Die alte Hafenstadt mit den Überresten mittelalterlicher Mauern ist als kulturhistorisches Denkmal vollständig geschützt. Die engen Straßen mit den dicht zusammengebauten Häusern, die sich vom Kirchhang zum zentralen Platz an der Küste herabsetzen, unterstreichen den mediterranen Charakter. Die kosmopolitische Meeresstadt, die sich unter dem Einfluss des nahe gelegenen Venedigs entwickelte, gilt als einer der farbenfrohsten und fotogenen Orte an der Adriaküste. Neben Architektur, Meeresmuseum, Aquarium und anderen Attraktionen der Stadt laden Sie Veranstaltungen, kulinarisches Angebot und nahegelegene Natursehenswürdigkeiten zu einem Besuch ein.

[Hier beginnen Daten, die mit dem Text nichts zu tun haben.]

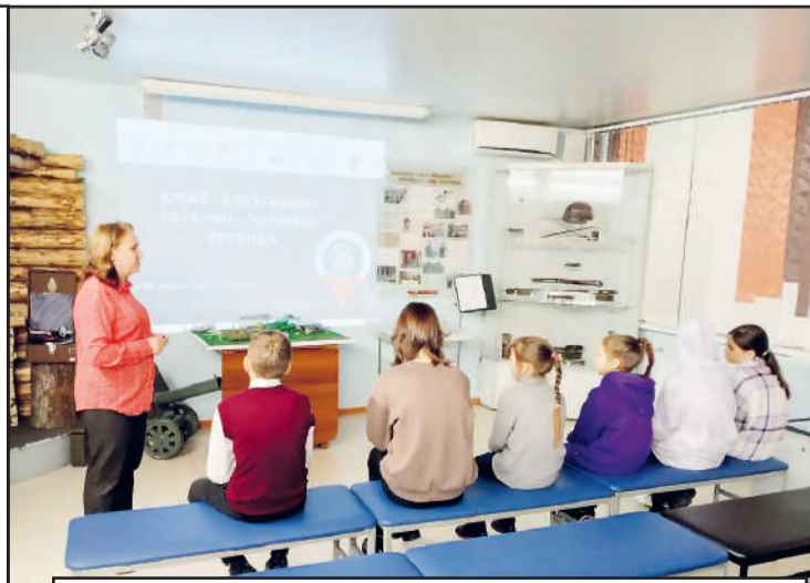
«Час космонавтики» для несовершеннолетних в музее воинской Славы.
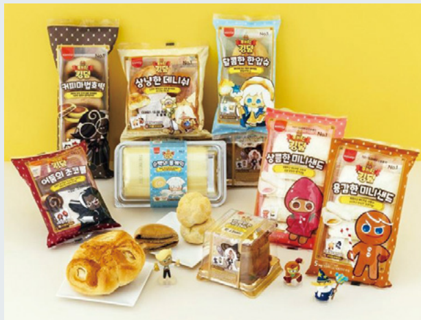
CU가 ‘쿠키런: 킹덤’과 협업한 상품
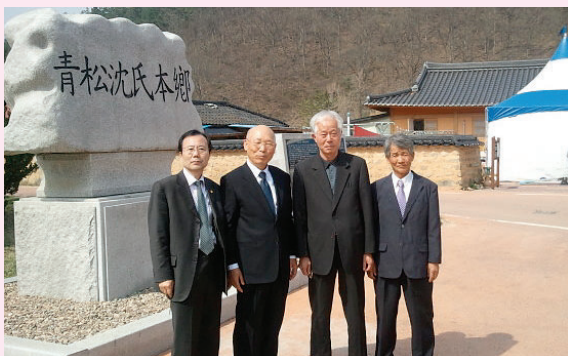
▲ 청송심씨본향 표석 앞에서 (좌로부터 두번째) 대종회 相和 상임부회장

■ 다음 종회탐방은 7월초 (전남) [五世조(繼年) 지성주사공종회(知成洲事公宗會 회장(相錄))] 예정입니다.
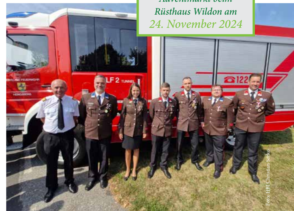
Die Wildoner Florianis tragen die erhaltene Auszeichnung mit Stolz
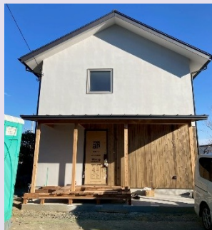
木外壁と塗り壁の落ち着いた雰囲気の外観
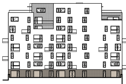
pohled na dům

Podlahová plocha bytu dle platných právních předpisů (nařízení vlády č. 366/2013 Sb.) znamená celkovou plochu všech místností bytu a také plochy pod nosnými i nenosnými zdmi, přízdívkami a jádry. Jedná se o plochu, která je vymezená obvodovými zdmi bytu.
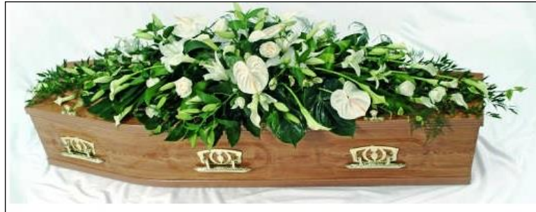
Resim 3.15: Tamamlanmış çift yönlü spreyci süsleme
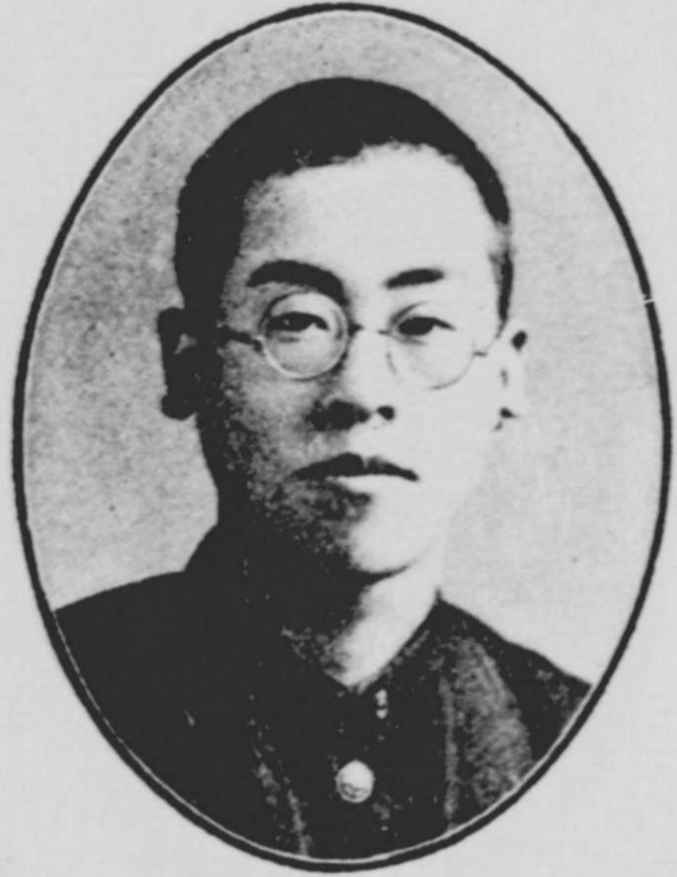
男 久 東
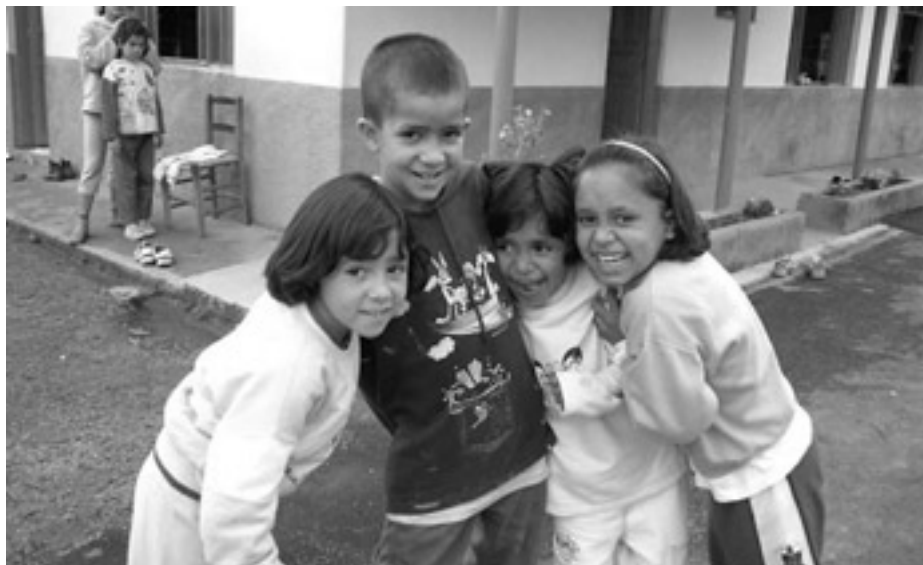
Kinder aus der Armensiedlung neben dem Kinderdorf. Einmal in der Woche werden im so genannten Projekt 90 Kinder aus der Siedlung zusätzlich gefördert.

In herzlicher Dankbarkeit für die gewährte Hilfe schließt sich das »Eine-Welt-Team« diesen Wünschen an, verbunden mit der Bitte, das Kinderdorf auch in diesem Jahr zu unterstützen.
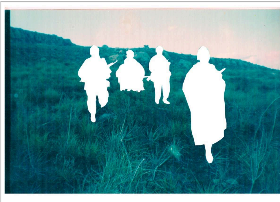
Sofiane Zouggar, troisième tableau du triptyque « Sans nom ». Impression digitale, de la série The Memory of Violence , 65 x 43 cm, 2014.

© Musée d'Art Moderne et Contemporain d'Alger

Salinen von Piran, Sečovlje und Strunjan

Die Salinen von Piran, die im Jahr 804 gegründet wurden, umfassten die Salinen im Bereich des heutigen Jachthafens (Lucija, Portorož), die kleineren Salinen von Strunjan und die größeren Salinen von Sečovlje. Die Gebiete der beiden erhaltenen Salinen sind heute ein Landschaftspark. Im Landschaftspark Strunjan erwartet Sie eine außergewöhnliche Klippe über dem Meer. In den Salinen von Sečovlje können Sie die traditionelle Salzproduktion mit Führungen und einem Besuch im Salzmuseum erleben.